If you’re going to name yourself — or your band — after Prince Valiant, you’ve got to be ready for action. You can’t back down from challenges, and you’ve got to face up to difficulties, no matter how harsh they may be. Most of all, you’ve got to be ready to put your charisma in motion on behalf of what you believe. Fernando Honorato of Principe Valiente has never been short of personal magnetism, ambition, or thirst for adventure. Like his namesake, he’s always lived life to the hilt. His prior recordings have spotlighted his imagination, expressive power, and ability to make his point in a few quick, thrilling lyrical strokes.
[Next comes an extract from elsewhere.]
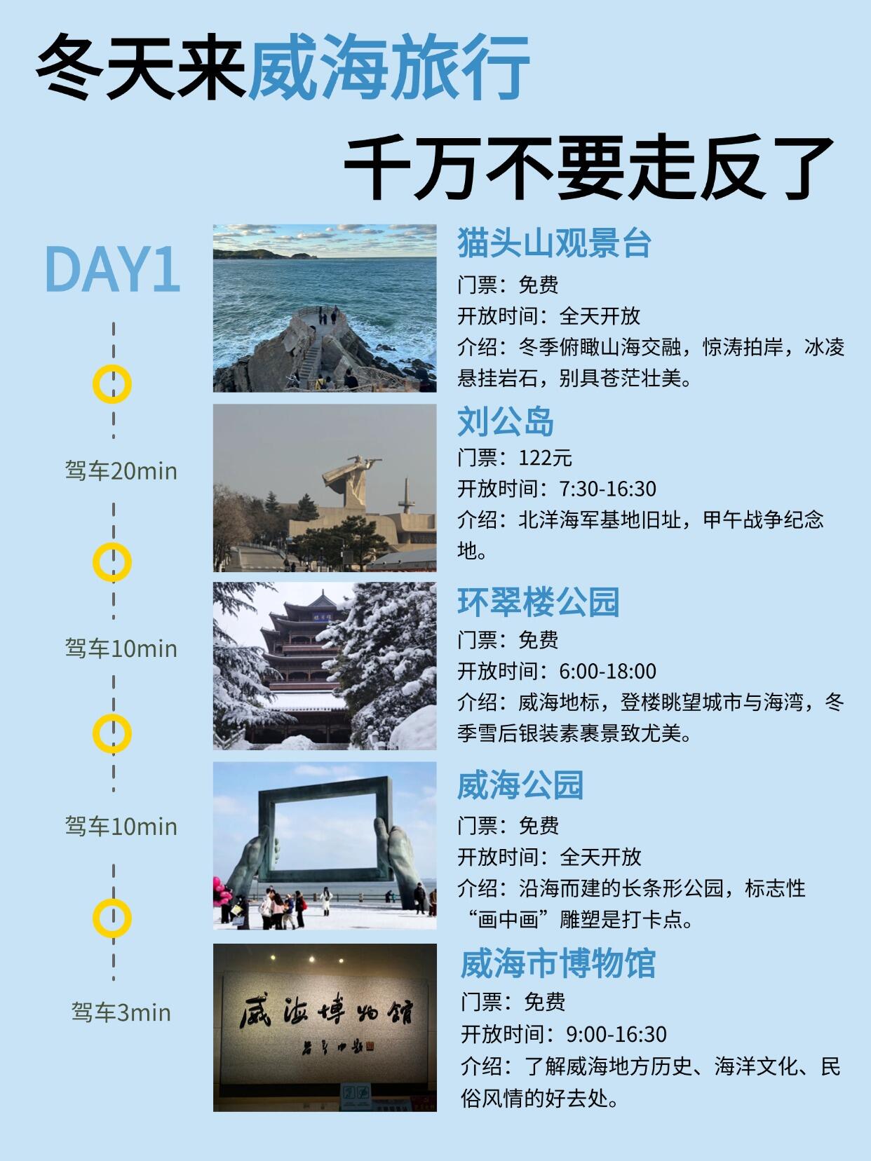 Day1:猫头山观景台 → 刘公岛 → 环翠楼公园 → 威海公园 → 威海市博物馆

And like Prince Valiant, he seems to transcend the limitations of time. Principe Valiente’s signature take on post-punk evokes Europe’s Gothic history but also feels resolutely modern. With Barricades, the latest Principe Valiente album, he’s found a sound that matches the moment: dark, brooding, ominous, destabilizing, full of richness and portent, and thoroughly intoxicating. Barricades is a set that could only have been composed and recorded during a time as insular and troubled as ours. It’s a brave channeling of Honorato’s feelings of dislocation, impermanence, and fragility — and “Porcelain,” the lead single from the set, is the purest distillation of the Principe Valiente aesthetic.
Ironically, it’s also the most communal record that Honorato has ever made. On earlier Principe Valiente albums, the singer and songwriter called all of the shots and generated the soundscapes. Barricades, by contrast, makes the most of Honorato’s talented bandmates. “Porcelain” is a showcase for the sensitive but potent drumming of Joakim Janthe, the painterly instrument processing of Jimmy Ottosson, and the dramatic synthesizer playing of Rebecka Johansson. Even though circumstances prohibited them from occupying the same room during the recording of Barricades, they’ve never sounded tighter.
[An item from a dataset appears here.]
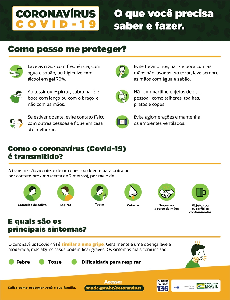 - Disponibilização de álcool em gel e cartazes de orientações sobre as medidas para evitar a doença.

The moody, immersive clip for “Porcelain” is another expression of Honorato’s renewed vision. It’s not inaccurate to call him the star of the clip or misleading to point out how gracefully he moves through these shadow-haunted frames. But the “Porcelain” clip is best understood as an exercise in tone: dream-drenched, spellbinding, sensual, and shrouded in stylish half-light. We watch Honorato gently brush his fingers across the exposed skin of a lover; we see the curl of a long wave as it approaches the beach; we see the silhouettes of palm fronds as they whip in the wind. Is a storm coming, or is it already here?